Great design and idea. Hope you sell tons for the charity.


----------



## missmolly (Jun 8, 2011)

A gorgeous pattern design Lorraine and a fantastic thing you're doing by donating all the proceeds to the charity! :thumbup: :thumbup: :thumbup:


----------



## laurelarts (Jul 31, 2011)

Bless you Lorraine, that is a wonderful project.


----------



## mollyannhad (Feb 1, 2011)

that is sooooo cute!


----------



## west coast kitty (May 26, 2012)

a very creative pattern to support a wonderful project; I can think of a number of little people who would love playing with the train


----------



## Rainebo (Apr 22, 2012)

Thank you so much!


----------



## trish2222 (May 13, 2012)

Terrific pattern and a great project


----------



## Sandiego (Sep 17, 2011)

Lorraine, OMGoodness!!!! How cute is that!!!! That Smile Train is absolutely fantabulous and will surely get smiles from the little ones. Thank you for being so generous in donating your proceeds to the "Smile Train Organization." I applaud your generosity. What a great cause. ;0)


----------



## Rainebo (Apr 22, 2012)

Sandiego said:


> Lorraine, OMGoodness!!!! How cute is that!!!! That Smile Train is absolutely fantabulous and will surely get smiles from the little ones. Thank you for being so generous in donating your proceeds to the "Smile Train Organization." I applaud your generosity. What a great cause. ;0)

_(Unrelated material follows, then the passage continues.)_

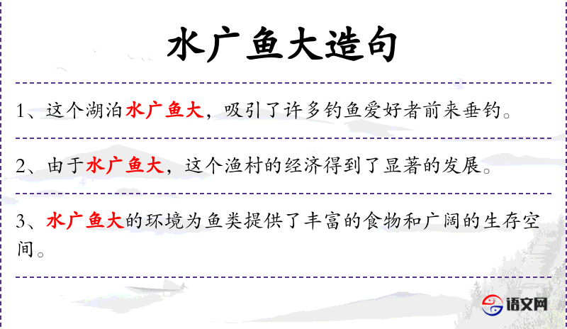 3. 【水广鱼大】 广:广大。水面宽的地方鱼肥大。比喻事物的发展由环境决定。

Thanks, Candy! This IS a great cause. It's so amazing to me that a child with a cleft can be helped with surgery that costs as little as $250 and takes as little as 45 minutes!


----------



## Sandiego (Sep 17, 2011)

Rainebo said:


> Thanks, Candy! This IS a great cause. It's so amazing to me that a child with a cleft can be helped with surgery that costs as little as $250 and takes as little as 45 minutes!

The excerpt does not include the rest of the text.